Ignore the left three nodes on the diagram, look on Documents and Attachments nodes. This basically shows that if you create a document, it will be available on URI like this:

https://{accountname}.documents.azure.com/dbs/{databaseId}/colls/{collectionId}/docs/{docId}


That’s fine – you call an authenticated request to the correctly formed URI (and authenticated) and you’ll get JSON back as a result.

According to the schema you will also get attachment on this address:

https://{accountname}.documents.azure.com/dbs/{databaseId}/colls/{collectionId}/docs/{docId}/attachments{attachId}


And this is correct. If you do HTTP GET to this address – you’ll get JSON. Something like this:

{
"contentType": "application/vnd.openxmlformats-officedocument.wordprocessingml.document",
"id": "1",
"media": "/media/5VEpAMZpeasdfdfdAAAAAOFDl80B",
"_rid": "5VEpAMZpeasdfdfdAAAAAOFDl80B=",
"_self": "dbs\/5VEpAA==\/colls\/5VEpEWZpsQA=\/docs\/5VEpAMZpeasdfdfdAAAAAOFDl80B==\/attachments\/5VEpAMZpeasdfdfdAAAAAOFDl80B=",
"_etag": "\"0000533e-0000-0000-0000-59079b8a0000\"",
"_ts": 1493673393
}


Turns out that there are 2 ways you can do attachments in DocumentDB – managed and (surpise!) unmanaged. Unmanaged is when you don’t really attach anything, but just provide a link to an external storage.

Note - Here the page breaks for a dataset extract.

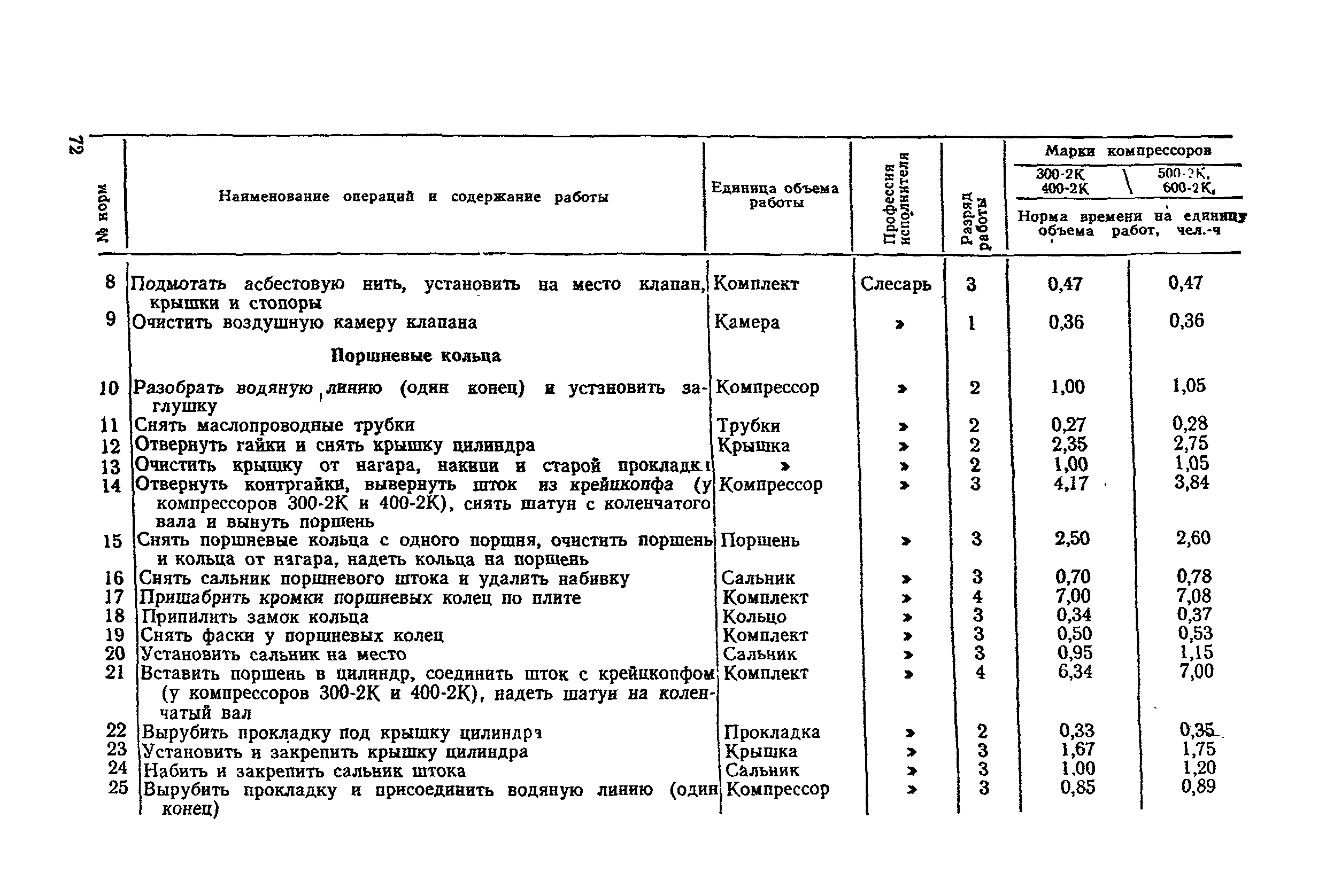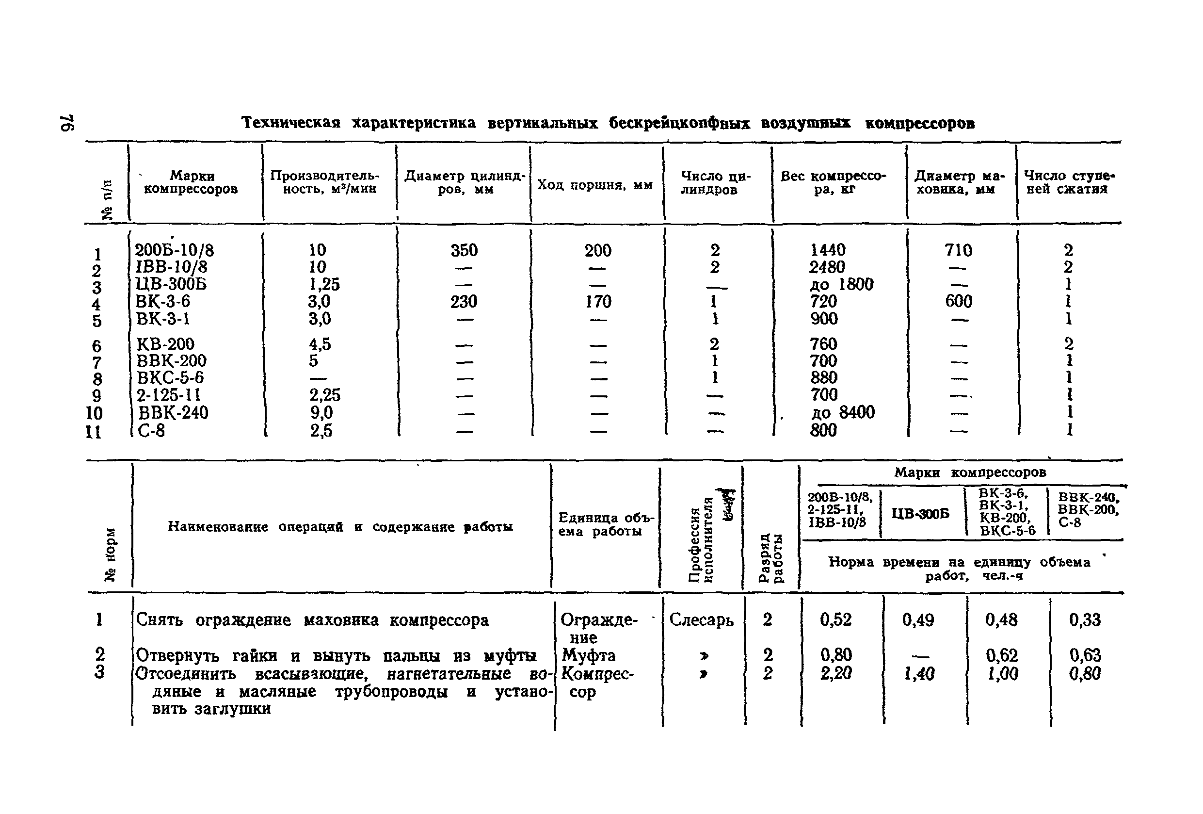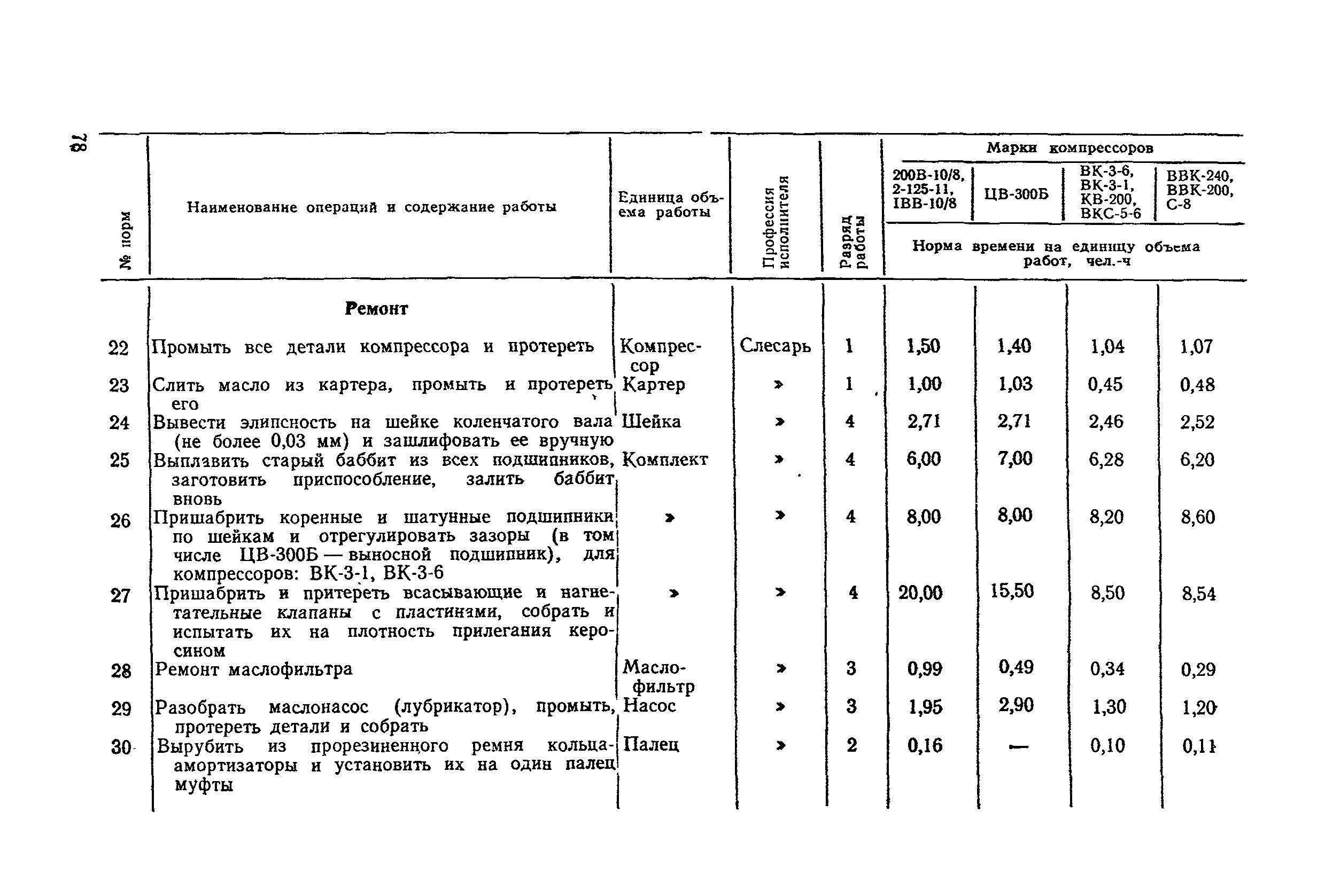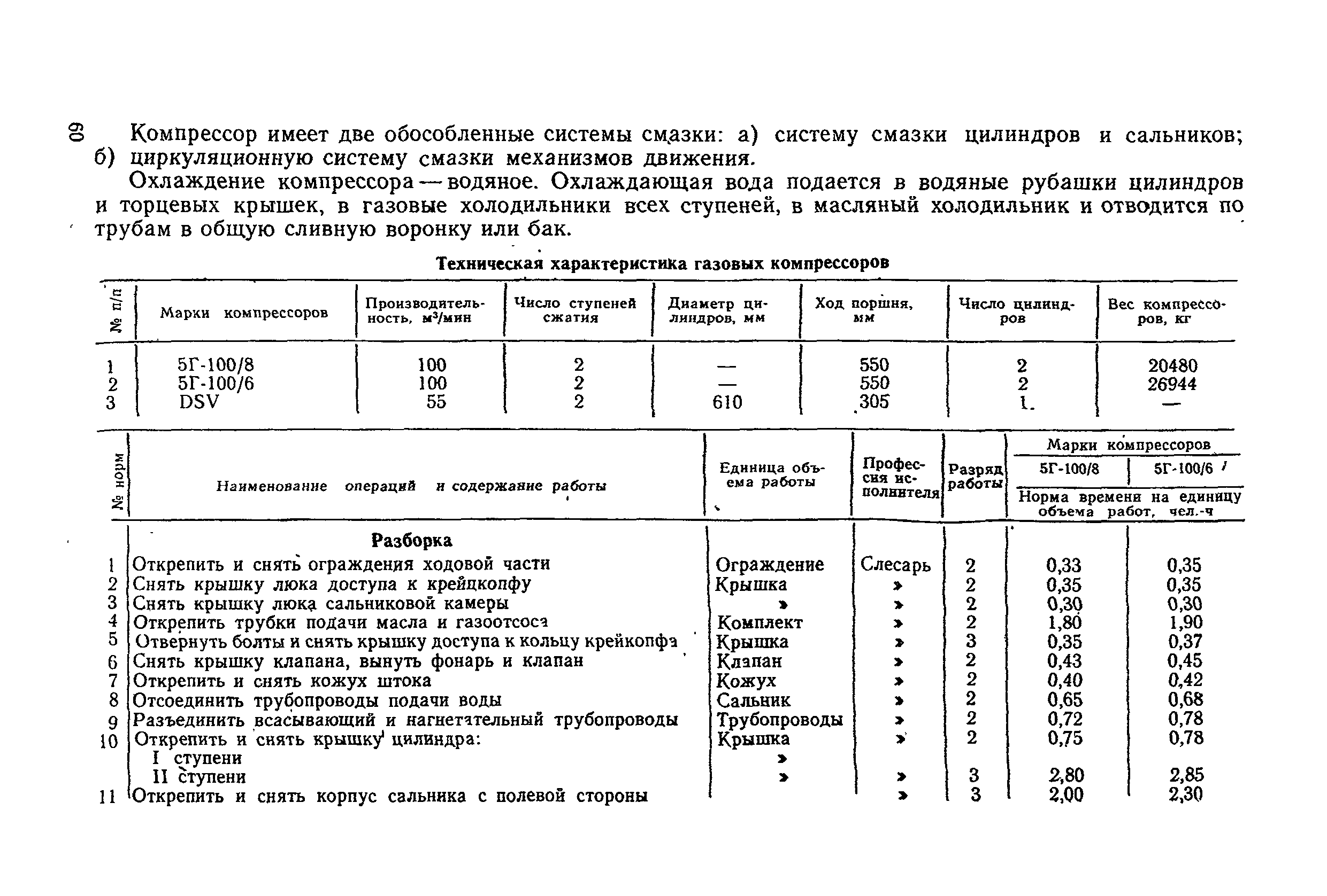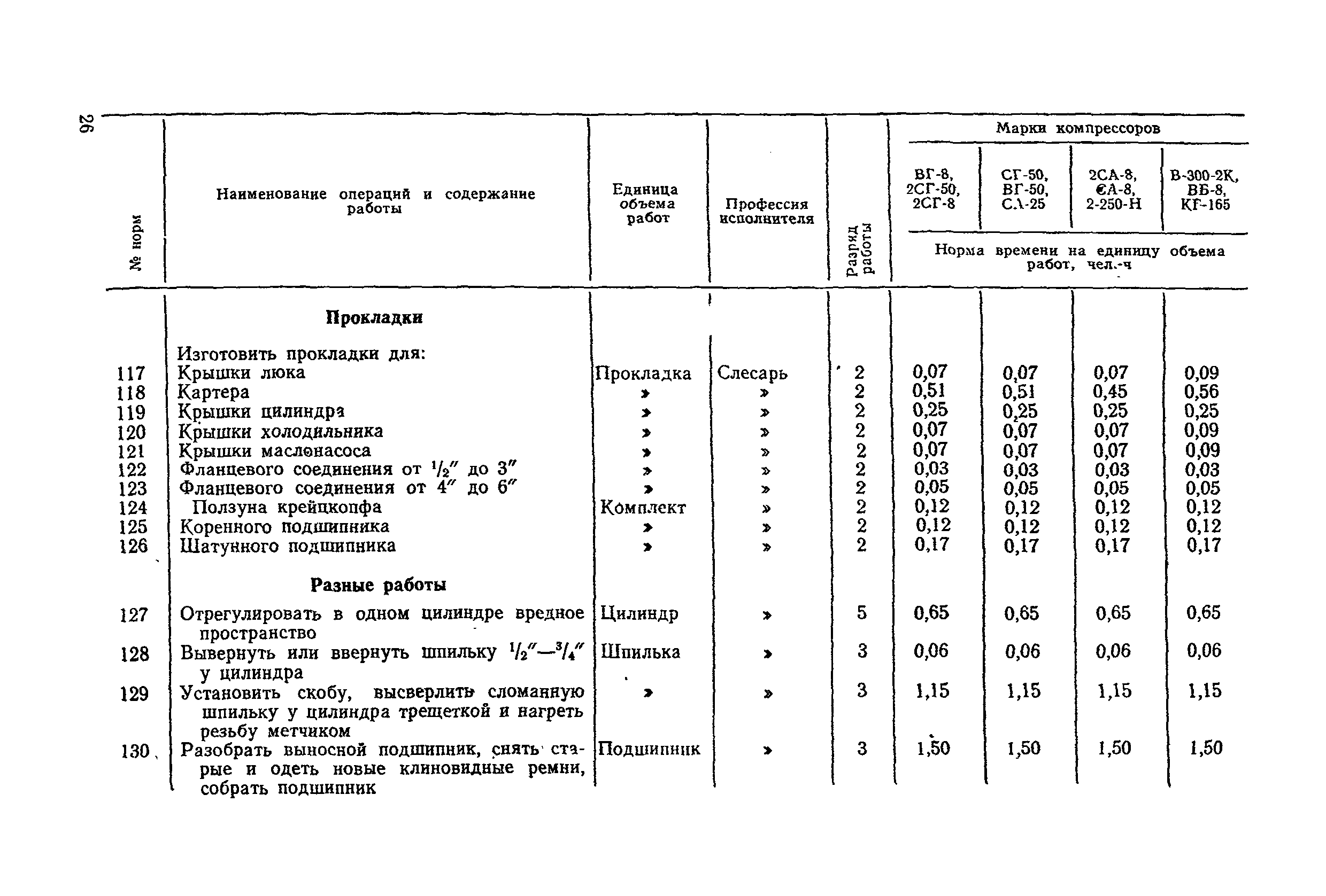 Типовые нормы времени на ремонт компрессоров (стационарных воздушных и газовых производительностью до 100 м3/мин)| Статус: | отменен в рф | | Название рус.: | Типовые нормы времени на ремонт компрессоров (стационарных воздушных и газовых производительностью до 100 м3/мин) | | Дата добавления в базу: | 01.09.2013 | | Дата актуализации: | 01.01.2021 | | Дата введения: | 25.06.2020 | | Область применения: | Сборник содержит нормы времени на разборку, сборку и ремонт компрессоров стационарных воздушных и газовых: крейцкопфных, бескрейцкопфных, ротационных и турбокомпрессоров. | | Оглавление: | Общая часть Организация труда Нормативная часть Раздел 1. Крейцкопфные компрессоры 1. Вертикальные двухрядные воздушные компрессоры типа ВГ, СГ, СА, В, ВБ, КГ 2. Угловые (прямоугольные) воздушные и газовые компрессоры типа: ВП и ГП 3. Вертикальные двухрядные воздушные компрессоры высокого давления типа Р. РК, РО, РВ, ЭК 4. Горизонтальные одно- и двухрядные воздушные компрессоры низкого давления типа В, ВГ, АГ, ГМ, АГК, АДК, ЗУГМ, 4УГ, 5УГ 5. Горизонтальные двухрядные газовые компрессоры типа 5Г, ДSV 6. Горизонтальные воздушные компрессоры низкого давления типа 300-2К, 400-2К, 500-2К, 600-2К Раздел II. Бескрейцкопфные компрессоры 7. Вертикальные, одно0 и двухрядные воздушные компрессоры типа В, ЦВ, ВК, КВ, ВКС, ВВК, C 8. Вертикальные одно- и двухрядные, одно- и двухцилиндровые компрессоры типа АВ, ФВ, Г 9. Вертикальные V- и W-образные воздушные компрессоры типа В, АУ, БАУ, ВУ, КС-3М, КСЭ-3М, К-5, КСЭ-5М 10. Вертикальные аммиачные компрессоры типа АВ-100, АУ-200, АУ-300, АУ-400, ДАУ-80, ДАУ-100 Раздел III. Ротационные компрессоры и турбокомпрессоры 11. Ротационные компрессоры типа "Демаг", "Клейн-Шандлер-Беккер" 12. Турбокомпрессоры типа ТГ-700/7, "ККК", ТР-7/3. "ЕГЕР", ТГ-4 | | Разработан: | НИИ труда Госкомтруда СССР ЦБНТ

To be honest, I don’t see much sense in doing it that way – why bother with extra resource just to keep external links? It would be much easier to make these links as part of the actual document, so you don’t have to do another call to retrieve them.

Managed attachments is when you actually do store binaries in DocumentDB and this is what I chose to use. And unfortunately had to discover for myself that it is not straight forward.

Managed Attachments

If you noticed in the JSON above there is a line "media": "/media/5VEpAMZpeasdfdfdAAAAAOFDl80B". This is actually the link to the stored binary payload. And you need to query that URI to get the payload. So from knowing document id, you’ll need 2 requests to get your hands on attached binaries:

1. Get list of attachments
2. Every attachment contains link to Media – get that.

So this /media/{mediaId} is missing in the diagram above. Perhaps this is deliberate not to confuse users. I’ll go with that.

Code Samples

Now to the code samples.

I’m using NuGet package provided by Microsoft to do the requests for me:

Install-Package Microsoft.Azure.DocumentDB


private async Task<DocumentClient> GetClientAsync()
{
if (documentClient == null)
{
var endpointUrl = configuration["DocumentDb:EndpointUri"];
var primaryKey = configuration["DocumentDb:PrimaryKey"];

documentClient = new DocumentClient(new Uri(endpointUrl), primaryKey);
await documentClient.OpenAsync();
}

return documentClient;
}


where documentClient is a local variable in the containing class.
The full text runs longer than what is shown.